Вообще мы были предоставлены сами себе. После занятий в школе, мы, наспех сделав уроки, бежали на горку и катались там до ночных звезд. Когда спохватывались идти домой, то не хотелось уже топить печь, и мы часто ложились спать прямо одетыми в промерзшие кровати. А утром никак не могли встать на ледяной пол.
Не хотелось вылезать из-под одеял на воздух, который при дыхании «парил». Стены изнутри покрывались инеем, и мы пропускали уроки, продолжая спать. Приходила уборщица, которая мыла полы в нашем доме, затапливала печь и ворчала на нас, что мы совсем обленились. Когда теплый воздух прогревал комнату, мы отваживались встать с коек и кое-как умыться ледяной водой под умывальником, который висел в кухне. А если не было воды, которую мальчики приносили с реки, мы умывались снегом, обжигая руки и лицо. Я часто болела ангиной, и с высокой температурой оставалась дома, то есть в интернате. Но едва температура спадала, я вновь со всеми валялась в снегу, каталась с горы. Не было никакого чувства страха и опасности за свое здоровье.

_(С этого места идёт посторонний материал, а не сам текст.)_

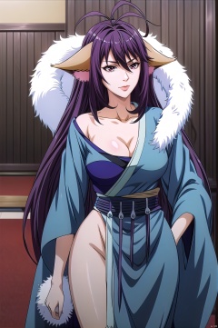 Yaya, 1girl, solo, animal ears, breasts, long hair, antenna hair, cleavage, large breasts, japanese clothes, purple hair, kimono, very long hair, brown eyes,upper_body,

Я совершенно забыла о болезни и жила детскими заботами и интересами, как все здоровые дети. Хоть у меня было освобождение от физкультуры, очень хотелось научиться кататься на лыжах, участвовать в разных соревнованиях, то есть быть как все. Стыдно было обособляться от других, пользоваться болезнью как какой-то льготой. Сейчас понимаю, что нужно было беречься, остерегаться лишних нагрузок, падений, но, наверное, я не одна была такая. Да и энергия просила выхода. В детском возрасте не задумываешься о последствиях.
Любимым занятием у меня были книги. «Глотала» их одну за другой. Они будили мое воображение, уносили в другие, фантастические миры и жизни. Помню, как несколько ночей боялась спать, прочитав «Легенду об Уленшпигеле» Шарля де Костера. Увлекалась фантастикой и приключенческой литературой. Но поскольку в деревне не было библиотеки, приходилось читать всё случайное, что попадалось под руку. Когда кому-то из нас не спалось, он старался разбудить всех. В одну из ночей мальчишки начали стучать к нам в дверь: «Девчонки, вставайте, пойдем кататься с горы!». Мороз трещал на улице за тридцать градусов. Сначала не хотелось выходить из тепла. Но, расшевелившись, мы всей гурьбой высыпали на гору. Не знаю, что думали местные жители, слыша ночью смех и визг разгоряченных играми в снегу детей, но никто не вышел, чтобы, сделать нам замечание. После горы под ночными звёздами мы пошли на огороды, которые были за нашим интернатом. Снега было так много, что мы делали в нем лабиринты, лазая чуть не во весь рост. Строили замки и крепости. Мы не заметили, как пролетела ночь и на горизонте появилась светлая полоса. С ног до головы мы были в снегу. И только зайдя в дом, почувствовали, как устали и хотим спать. Кое-как разбросав мокрую одежду на просушку, улеглись, думая, что успеем выспаться до занятий. В полдень пришла Ирина Ивановна с «воспитательной» речью. Интернатовские, как всегда, сорвали занятия, так как пятые и шестые классы состояли почти из приезжих, то есть, нас.